Moreover, as another limitation of this study, cerebral ischemia was restricted to three discrete patterns, ranging from normal scans, uni- and bilateral defects. Bigolin Lanfredi et al. have recently proposed a GAN model to visualize the progression of chronic obstructive pulmonary disease. The model incorporated a regression subnetwork to learn features in X-chest images for quantitative disease severity based on forced expiratory volume/forced lung capacity33 and such an adversarial regression training could also be incorporated on brain SPECTs. Another solution to reach the goal of quantitative severity in the generated images could be application of latent space. In this regard, a latent vector serving as input source of the desired image is searched. By editing that latent vector, variations of the desired image are generated.

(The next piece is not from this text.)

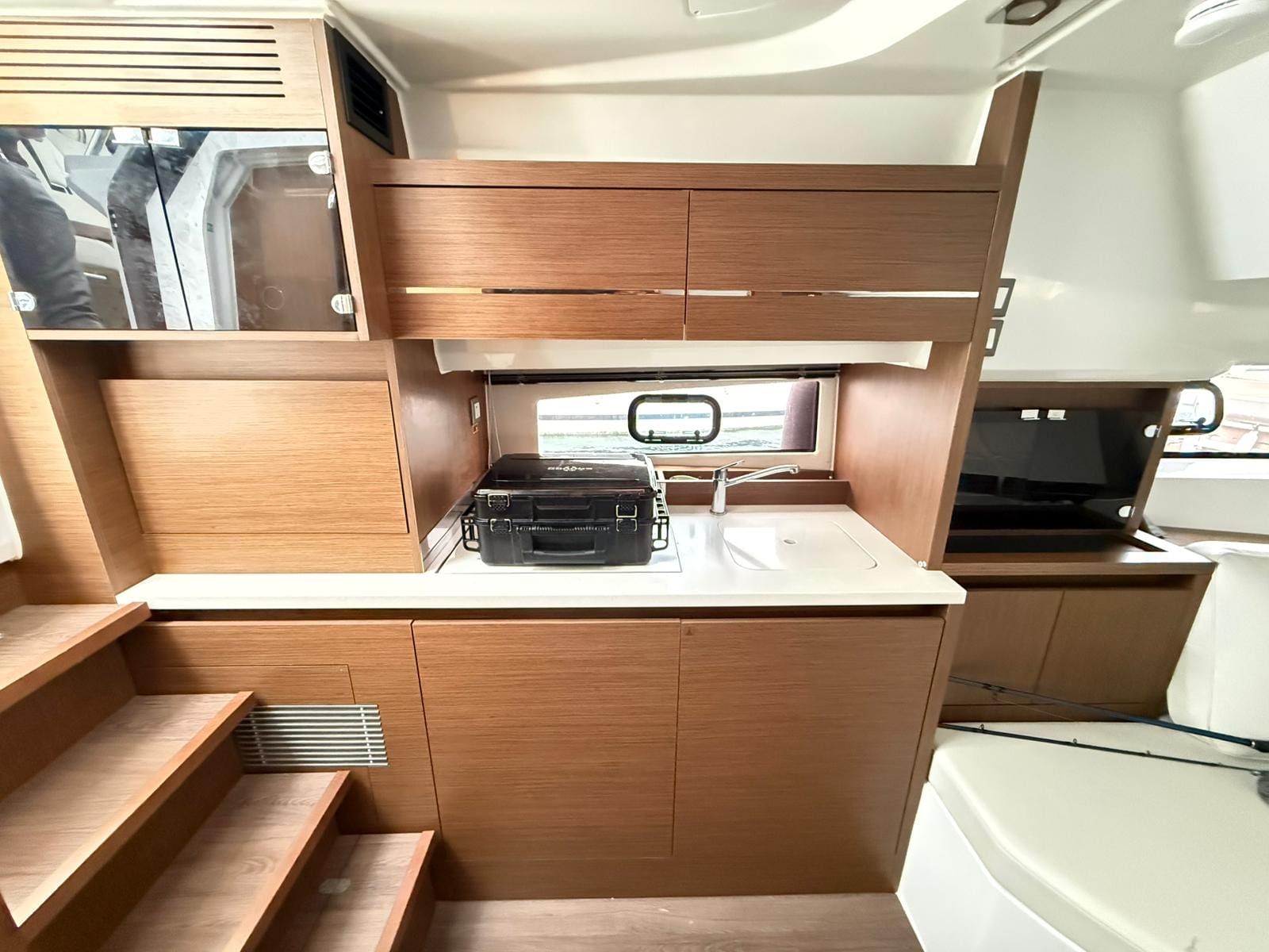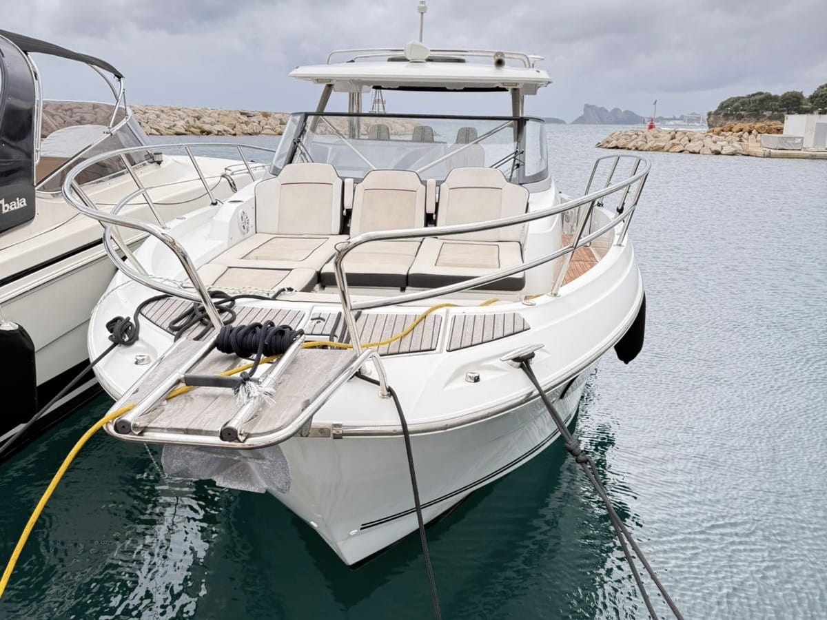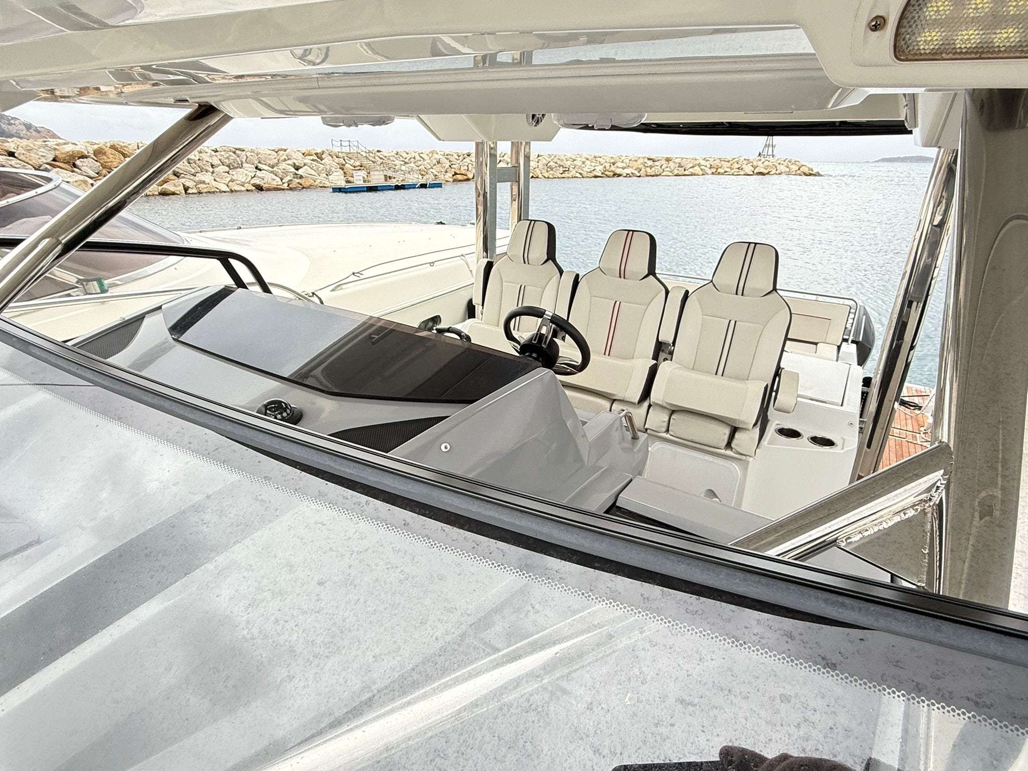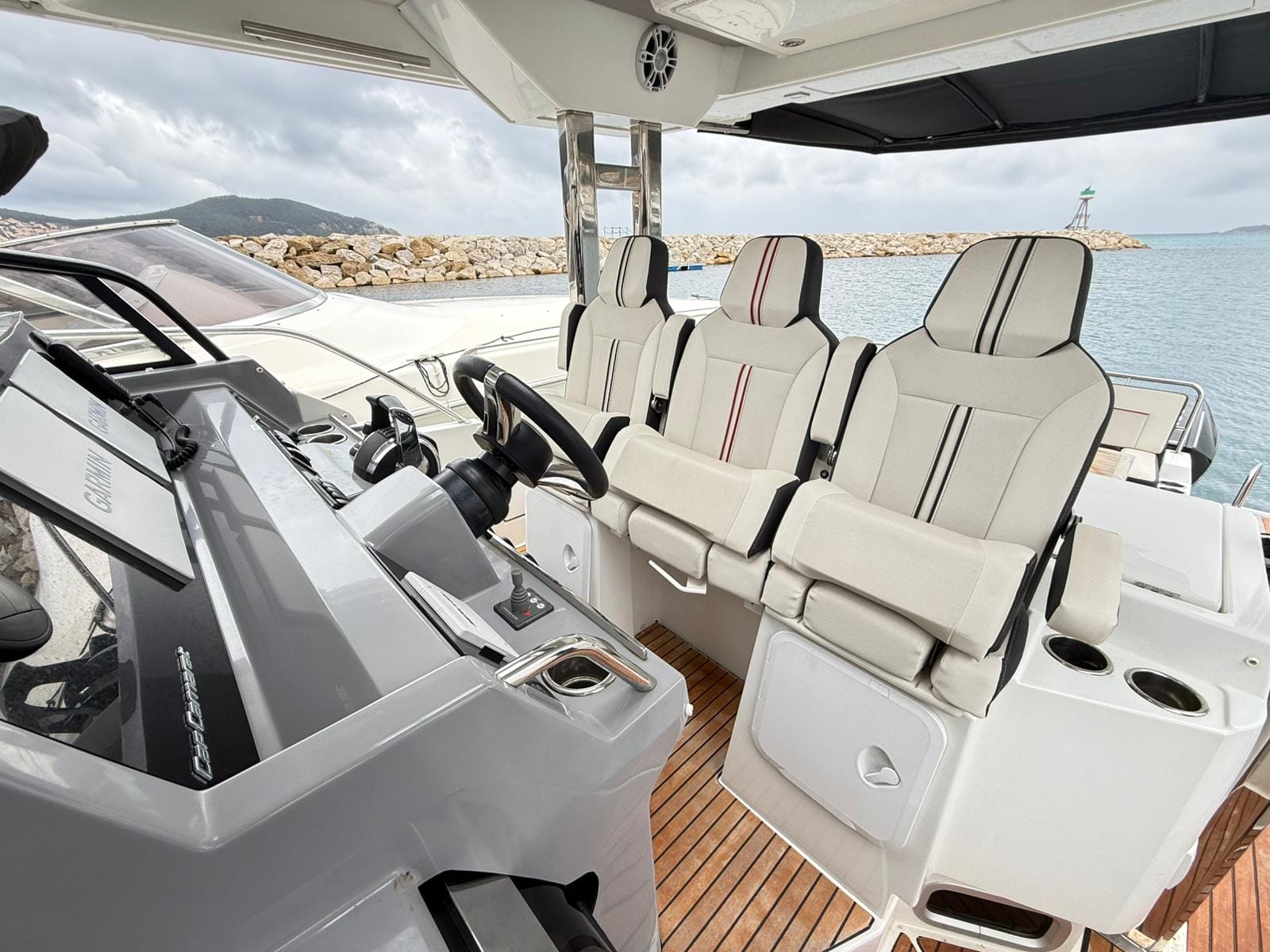 Côté équipements extérieurs, il dispose d’un T-Top avec toit ouvrant électrique, d’un voile d’ombrage avant, bain de soleil, cockpit en teck, ainsi que d’une cuisine extérieure complète avec évier, plancha et réfrigérateur. Un mât de ski pour vos activités nautiques, ainsi qu'un éclairage sous-marin pour profiter pleinement de vos soirées dans une ambiance unique au mouillage.

The use of latent space has been reported for natural images34,35,36, but it has also been used in the context of modality transformation for medical images37. As another limitation, our novel GAN was only applied to one specific disease using one single radiotracer and thus, our model should be validated among a broad spectrum of different radiopharmaceuticals for SPECT or positron emission tomography frequently applied in the clinic, e.g., 18F-labeled prostate-specific membrane antigen or somatostatin receptor directed PET38,39,40. Future studies should also address the aspect of three-dimensional images. A novel approach was recently proposed using 123I-ioflupane SPECT, which aimed to mimic characteristics of Parkinson's disease by integrating a transformer-based technique, which is based on a framework different from GAN41. In this regard, consecutive slices of a three-dimensional image were used and a neural network model was trained to generate slices for the rest of the region.

Conclusion

We developed a light-weight GAN model for brain SPECT imaging that allowed us to create normal scans, but also varying degrees of cerebral ischemia closely resembling realistic images. In this context, we successfully applied a limited number of supervised data serving as input with a maximum of three anatomical compartments. As such, if reasonable amounts of supervised stimuli are provided, the applied FastGAN algorithm may allow to yield sufficient number of molecular brain scans for various clinical scenarios, e.g., for imbalanced datasets in the context of orphan diseases or “data-hungry” deep learning technologies.